Who needs meetings? Except managers, of course
It is difficult, even for the most seasoned managers — whether in government or the private sector — to come up with ways to inspire their subordinates through the drudgery that marks most careers. Take the following sentence: “A career is a bridge, and sometimes it needs a civil engineer.” Does it carry hidden wisdom or is it trite? Clearly, the problem of being inspirational is exercising a figure no less exalted than India’s top bureaucrat. In a two-page note accompanied by 10 pages of guidelines on how to conduct meetings sent to all secretaries to the Government of India, Cabinet Secretary T V Somanathan has asked stalwarts of India’s steel frame a vexing question : Are they gaining “30 years’ experience or one year’s experience repeated 30 times”? Much of Somanathan’s advice resonates beyond the government, to anyone who has ever attended an unending series of meetings in a day. This broad swathe of white-collar workers can attest to the fact that, more often than not, the preparation for the meeting to discuss progress on the work promised at the last meeting ends up becoming the work itself. And the ability to make a presentation with a plethora of graphs is more significant for career advancement than the quality of the work the PPT purports to showcase. The cabinet secretary’s caution against meetings that “tend to start late, be overstretched and directionless, and often lead to no tangible ‘takeaways’” is well taken. But perhaps, it misses a deeper point. The meeting is for the manager. The purpose of the meeting, more often than not, is to justify that role. In such a context, what’s the difference between “30 years of experience” and “a year’s experience repeated 30 times”?
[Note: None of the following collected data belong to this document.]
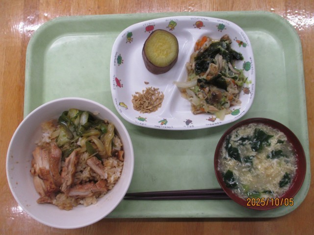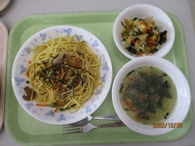 10月5日(日)おやつ~10月6日(月)昼食 公開日 2025/10/09 更新日 2025/10/09 昼食のご紹介 10月5日(日)おやつヨーグルトパンケーキ、アイスティー10月5日(日)夕食鶏肉のきじやき丼、むらくも汁、和風きのこサラダ、ふかしいも、あまじゃっこ10月6日(月)朝食ごはん、みそ汁、鮭の塩やき、野菜のにもの、オレンジ10月6日(月)昼食きのこパスタ、牛乳、海藻サラダ、ひよこ豆スープ写真はおやつ・夕・朝・昼の順です。 +1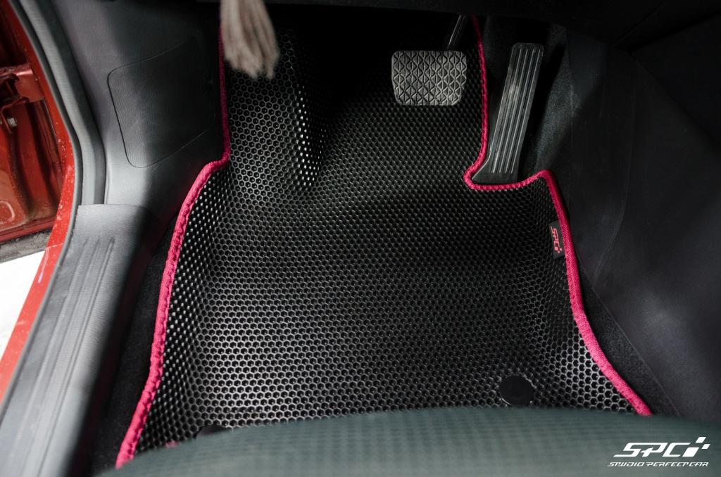 Купить коврики EVA можно выбрав в конструкторе фактуру материала (сота смотрится немного интереснее, но её желательно дополнить подпятником, чтобы комплект служил вечно), цвета основы коврика и окантовки, а также вариант комплектации и положив комплект в корзину. При желании добавьте подпятник и шильдик.
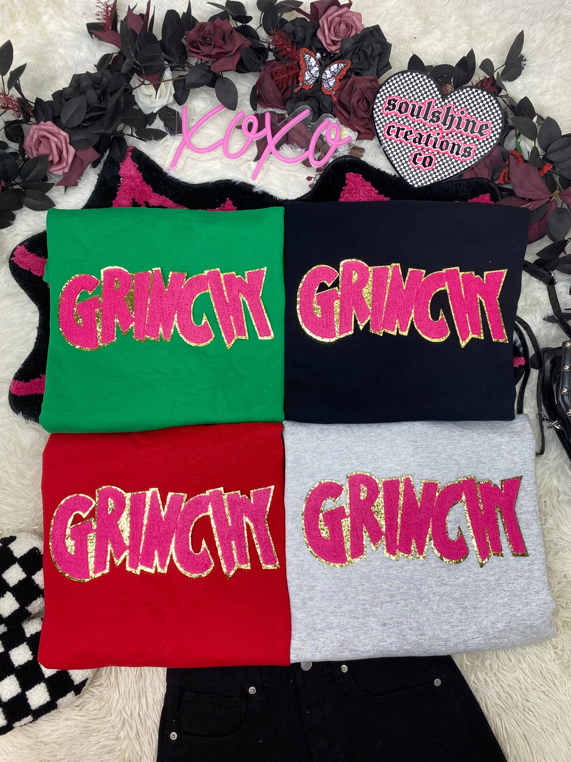 grinchy pink chenille patch christmas tee or sweater

- 1The Cabinet Secretary is the senior-most civil servant in India and head of the Civil Services Board, a post created under the Government of India (Transaction of Business) Rules framed under Article 77 of the Constitution. The editorial's subject highlights how administrative efficiency within the executive depends on internal management culture, not just law. Reforming meeting practices is a small but telling test of whether the 'steel frame' can modernise its own working methods.
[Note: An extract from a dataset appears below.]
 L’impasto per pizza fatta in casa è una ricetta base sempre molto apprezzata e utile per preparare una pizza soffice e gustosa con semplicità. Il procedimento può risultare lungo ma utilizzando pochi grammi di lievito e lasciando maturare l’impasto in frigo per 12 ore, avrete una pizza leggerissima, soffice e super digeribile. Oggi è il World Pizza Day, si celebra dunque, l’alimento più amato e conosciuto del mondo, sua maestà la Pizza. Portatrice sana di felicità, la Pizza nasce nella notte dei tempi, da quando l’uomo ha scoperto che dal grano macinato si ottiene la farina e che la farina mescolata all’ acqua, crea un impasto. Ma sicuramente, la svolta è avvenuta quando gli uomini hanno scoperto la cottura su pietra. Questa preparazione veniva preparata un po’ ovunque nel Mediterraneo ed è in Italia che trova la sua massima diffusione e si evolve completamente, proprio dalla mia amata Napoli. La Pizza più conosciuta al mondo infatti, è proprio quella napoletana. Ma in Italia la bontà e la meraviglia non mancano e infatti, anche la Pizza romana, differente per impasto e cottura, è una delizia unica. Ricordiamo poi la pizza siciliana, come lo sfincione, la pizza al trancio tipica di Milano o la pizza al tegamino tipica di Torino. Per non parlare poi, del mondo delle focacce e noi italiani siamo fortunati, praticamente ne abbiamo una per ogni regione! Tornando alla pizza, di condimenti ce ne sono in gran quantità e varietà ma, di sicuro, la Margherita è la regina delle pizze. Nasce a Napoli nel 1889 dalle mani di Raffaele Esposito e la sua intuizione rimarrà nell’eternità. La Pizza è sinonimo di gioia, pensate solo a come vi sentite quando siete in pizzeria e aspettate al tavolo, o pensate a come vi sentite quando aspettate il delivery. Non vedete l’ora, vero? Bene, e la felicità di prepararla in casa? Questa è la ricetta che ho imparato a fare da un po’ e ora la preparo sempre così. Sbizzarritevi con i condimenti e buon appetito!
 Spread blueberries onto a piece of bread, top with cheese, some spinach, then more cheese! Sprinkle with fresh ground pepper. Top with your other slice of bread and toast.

- 2As domestic-governance commentary, the note speaks to administrative reform, a recurring theme since the Second Administrative Reforms Commission of 2005 recommended citizen-centric, outcome-focused governance. India's permanent bureaucracy, anchored by the all-India services under Article 312 of the Constitution, is often criticised for process over results. The editorial's worry that meetings substitute for work mirrors long-standing calls to shift the civil service from procedure to measurable performance.
- 3While this editorial is not about a court case, the civil service it discusses operates under constitutional protections in Article 311, which restricts the dismissal of government servants, and conduct rules enforced through bodies like the Central Vigilance Commission. These safeguards aim to ensure neutrality but can also entrench routine over reform. The piece implicitly questions whether such insulation lets a 'year repeated thirty times' pass for thirty years of genuine experience.
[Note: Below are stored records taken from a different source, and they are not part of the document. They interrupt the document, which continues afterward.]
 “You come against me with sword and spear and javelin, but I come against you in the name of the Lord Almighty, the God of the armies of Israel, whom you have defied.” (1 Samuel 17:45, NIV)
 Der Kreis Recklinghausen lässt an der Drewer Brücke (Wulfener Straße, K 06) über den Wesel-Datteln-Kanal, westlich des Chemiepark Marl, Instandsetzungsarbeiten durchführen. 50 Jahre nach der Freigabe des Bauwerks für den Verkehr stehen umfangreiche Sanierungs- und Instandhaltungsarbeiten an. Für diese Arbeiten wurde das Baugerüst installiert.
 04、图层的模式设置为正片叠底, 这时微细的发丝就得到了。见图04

- 4Studies of workplace productivity consistently find managers and professionals losing many hours weekly to unproductive meetings, with some surveys estimating over thirty percent of meeting time is wasted. India's central secretariat comprises dozens of ministries and thousands of senior officers whose time carries real fiscal cost. A two-page note backed by ten pages of guidelines to fix this, the editorial notes wryly, itself illustrates how process can crowd out the substantive work it intends to improve.